### Data to process
Start of Block

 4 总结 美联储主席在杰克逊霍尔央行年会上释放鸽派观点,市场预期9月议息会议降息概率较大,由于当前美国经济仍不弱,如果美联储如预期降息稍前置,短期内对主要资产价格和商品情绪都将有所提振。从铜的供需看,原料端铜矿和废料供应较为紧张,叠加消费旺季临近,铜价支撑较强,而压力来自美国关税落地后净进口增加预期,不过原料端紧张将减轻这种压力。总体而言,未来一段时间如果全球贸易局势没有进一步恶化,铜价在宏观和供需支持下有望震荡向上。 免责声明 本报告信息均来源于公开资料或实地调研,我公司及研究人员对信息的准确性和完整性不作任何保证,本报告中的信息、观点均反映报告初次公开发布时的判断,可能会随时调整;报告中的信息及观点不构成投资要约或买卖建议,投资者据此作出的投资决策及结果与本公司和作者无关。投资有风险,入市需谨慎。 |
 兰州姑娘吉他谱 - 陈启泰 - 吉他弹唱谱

End of Block
Start of Block

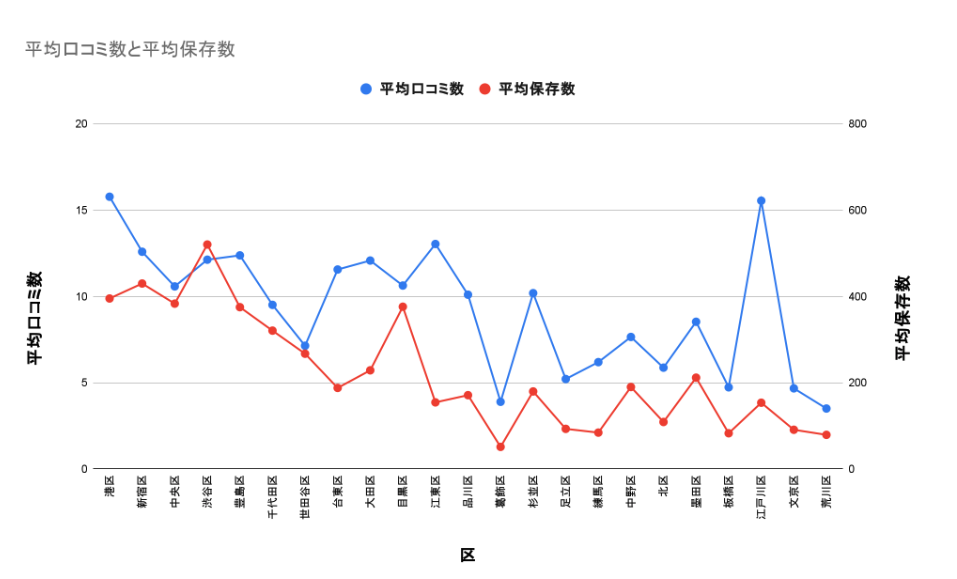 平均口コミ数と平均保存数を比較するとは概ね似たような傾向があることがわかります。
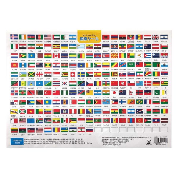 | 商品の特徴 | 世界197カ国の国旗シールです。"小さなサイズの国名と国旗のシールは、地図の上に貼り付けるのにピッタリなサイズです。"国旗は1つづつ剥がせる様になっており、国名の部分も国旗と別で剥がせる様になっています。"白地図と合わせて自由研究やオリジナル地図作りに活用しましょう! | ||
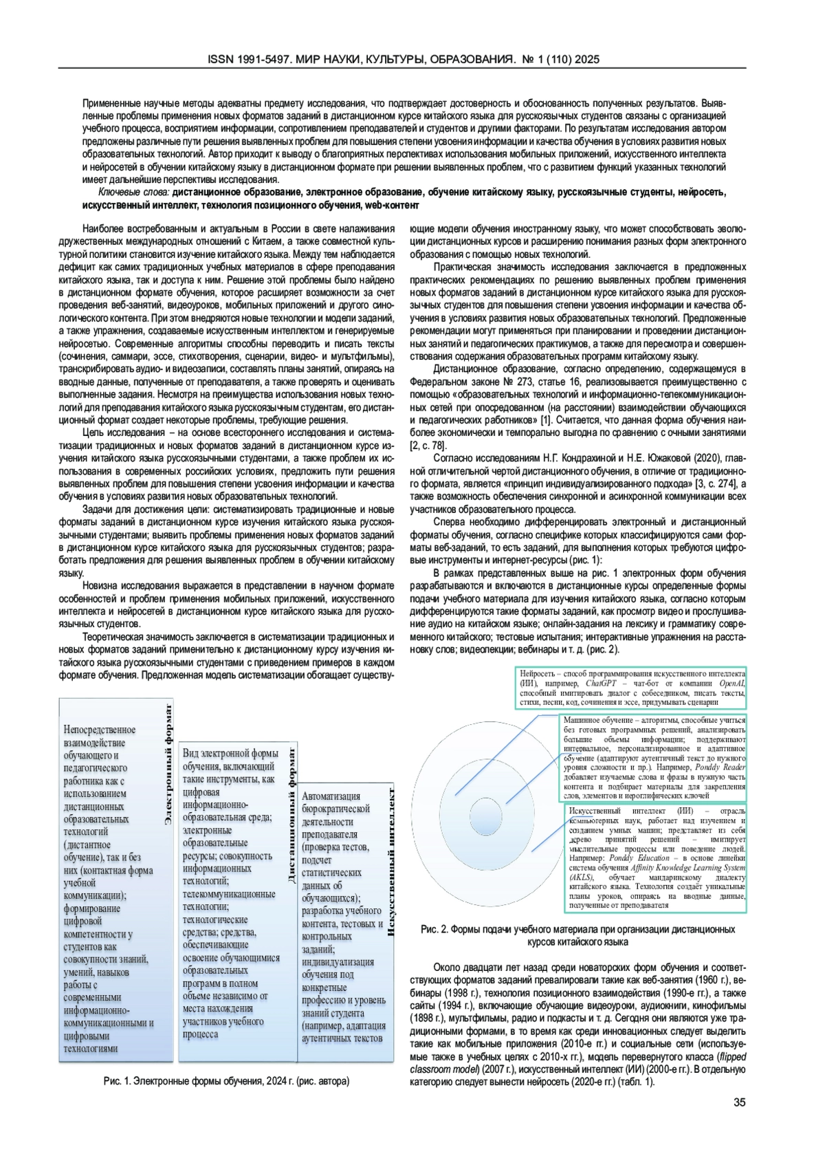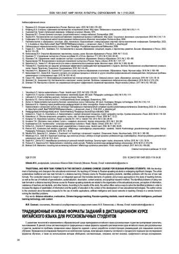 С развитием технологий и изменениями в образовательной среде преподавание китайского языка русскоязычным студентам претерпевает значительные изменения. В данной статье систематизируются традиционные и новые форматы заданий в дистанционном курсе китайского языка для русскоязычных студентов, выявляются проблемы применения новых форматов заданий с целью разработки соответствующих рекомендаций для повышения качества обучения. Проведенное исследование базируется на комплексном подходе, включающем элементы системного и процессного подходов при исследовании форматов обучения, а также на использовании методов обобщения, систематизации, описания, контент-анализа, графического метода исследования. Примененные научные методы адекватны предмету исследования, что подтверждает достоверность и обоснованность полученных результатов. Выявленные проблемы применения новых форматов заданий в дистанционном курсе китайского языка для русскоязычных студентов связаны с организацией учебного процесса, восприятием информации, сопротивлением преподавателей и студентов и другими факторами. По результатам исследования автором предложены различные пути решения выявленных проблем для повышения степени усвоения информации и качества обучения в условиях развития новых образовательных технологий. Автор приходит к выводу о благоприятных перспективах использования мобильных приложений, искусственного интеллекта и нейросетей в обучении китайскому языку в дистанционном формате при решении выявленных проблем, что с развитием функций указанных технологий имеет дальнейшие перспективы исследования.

End of Block
Start of Block

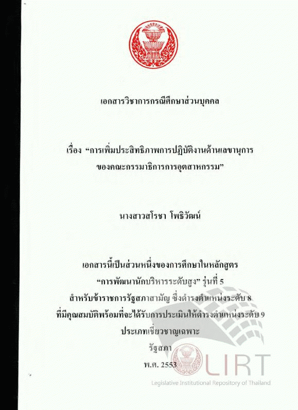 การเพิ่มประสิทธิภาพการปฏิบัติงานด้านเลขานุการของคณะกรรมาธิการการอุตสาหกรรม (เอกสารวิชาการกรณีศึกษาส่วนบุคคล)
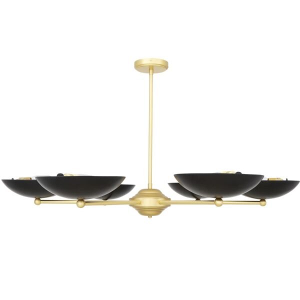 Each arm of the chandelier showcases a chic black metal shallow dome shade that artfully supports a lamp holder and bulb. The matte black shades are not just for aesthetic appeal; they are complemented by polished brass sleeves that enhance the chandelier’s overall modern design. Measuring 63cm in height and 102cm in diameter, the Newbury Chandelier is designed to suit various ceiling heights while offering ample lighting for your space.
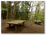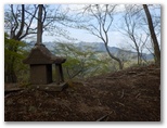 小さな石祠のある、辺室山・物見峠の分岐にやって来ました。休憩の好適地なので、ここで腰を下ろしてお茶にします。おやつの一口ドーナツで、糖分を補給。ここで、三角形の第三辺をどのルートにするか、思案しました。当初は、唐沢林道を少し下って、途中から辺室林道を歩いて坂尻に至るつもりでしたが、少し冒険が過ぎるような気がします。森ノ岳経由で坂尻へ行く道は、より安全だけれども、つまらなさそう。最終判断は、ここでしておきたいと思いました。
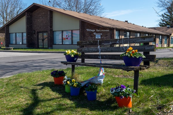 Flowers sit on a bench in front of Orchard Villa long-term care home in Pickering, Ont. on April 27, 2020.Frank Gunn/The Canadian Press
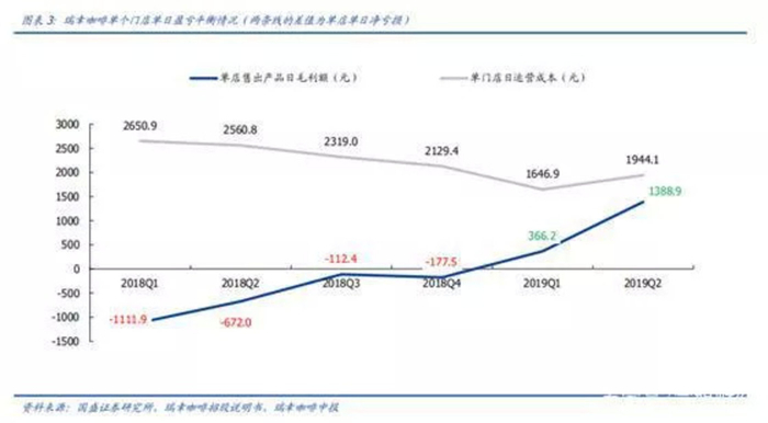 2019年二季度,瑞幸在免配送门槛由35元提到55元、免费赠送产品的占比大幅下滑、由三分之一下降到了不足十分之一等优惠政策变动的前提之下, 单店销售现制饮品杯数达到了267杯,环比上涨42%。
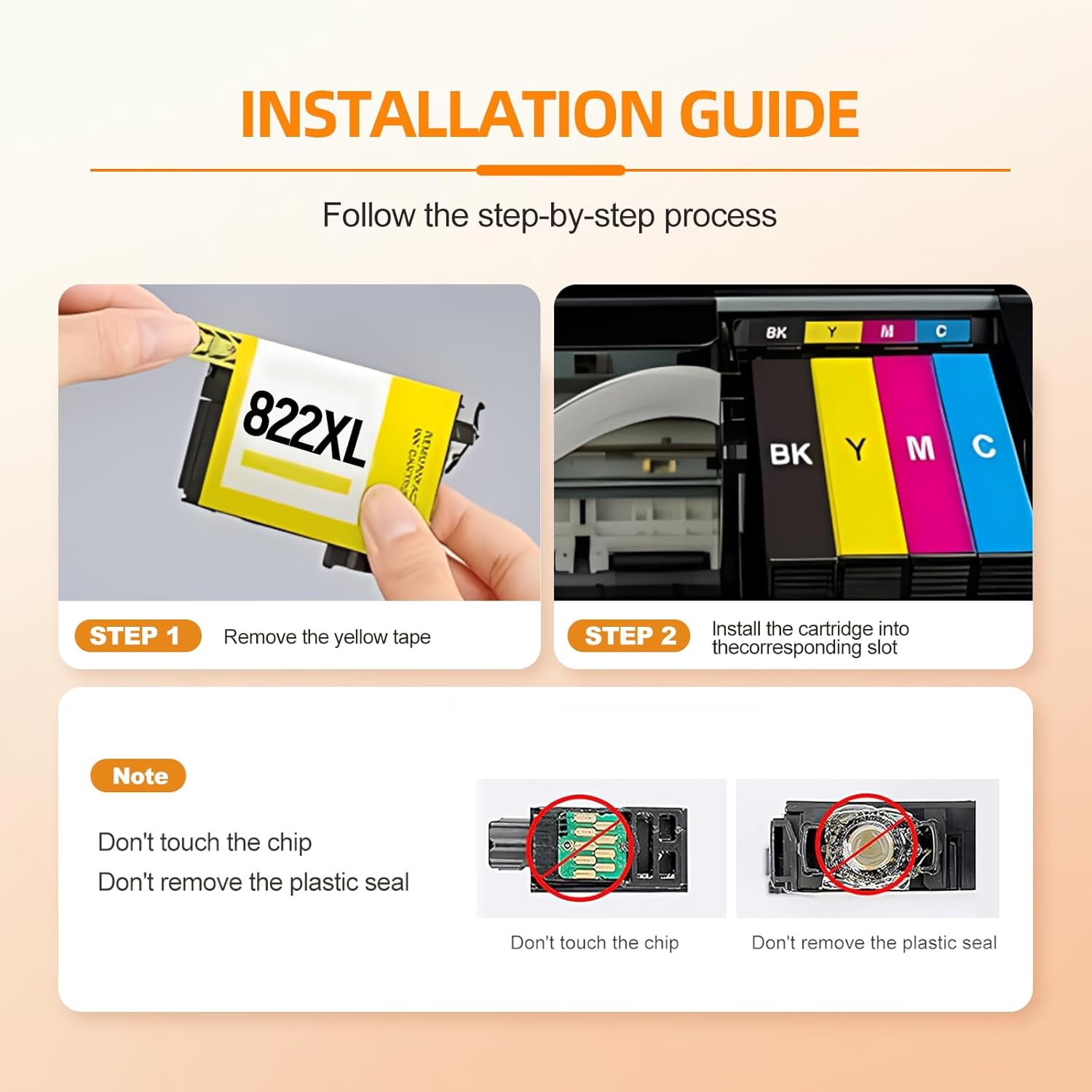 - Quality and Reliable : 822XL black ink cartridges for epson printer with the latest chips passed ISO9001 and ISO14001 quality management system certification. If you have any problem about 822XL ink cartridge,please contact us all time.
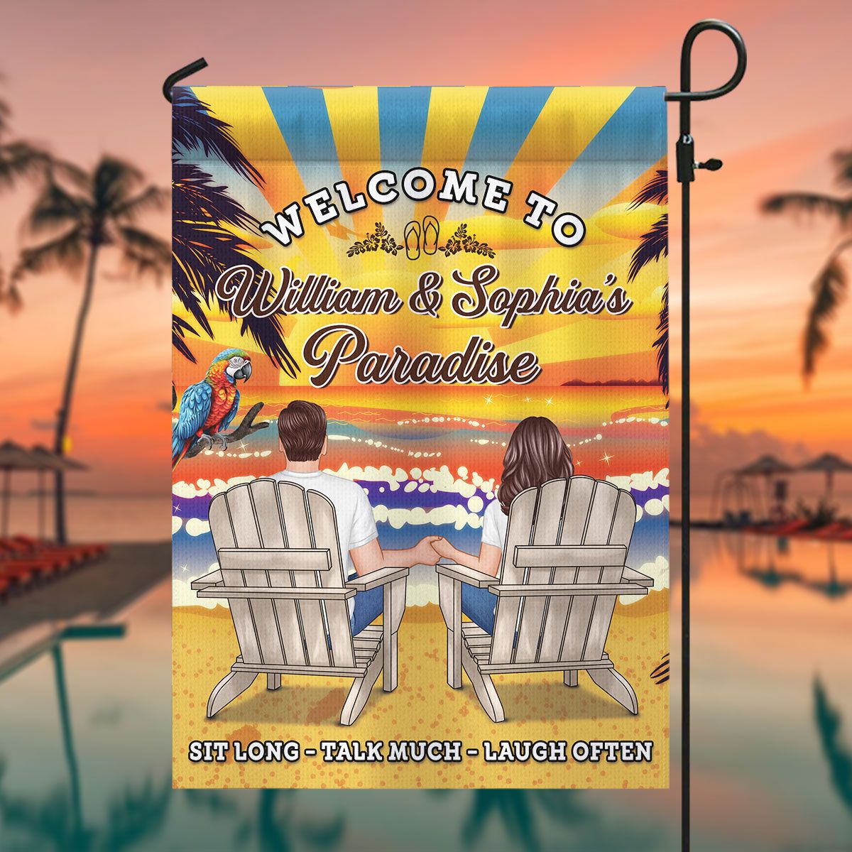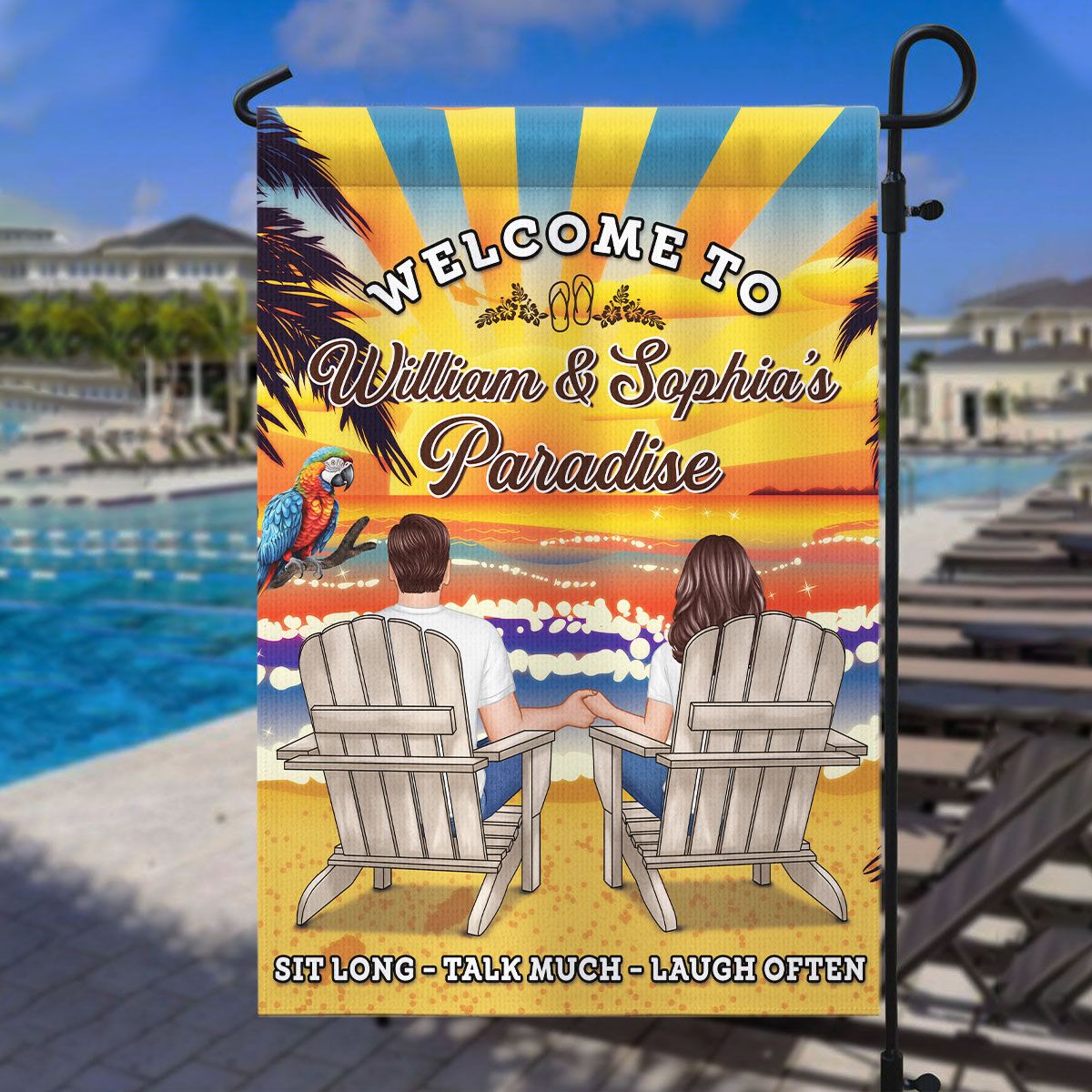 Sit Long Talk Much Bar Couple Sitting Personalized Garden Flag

End of Block

### Exercise goal
Reproduce, word for word, everything in the listing above from the line containing "- Quality and" down to the line containing "Sit Long Talk", both of them included. No pictures.

### Exercise result
 - Quality and Reliable : 822XL black ink cartridges for epson printer with the latest chips passed ISO9001 and ISO14001 quality management system certification. If you have any problem about 822XL ink cartridge,please contact us all time.
 Sit Long Talk Much Bar Couple Sitting Personalized Garden Flag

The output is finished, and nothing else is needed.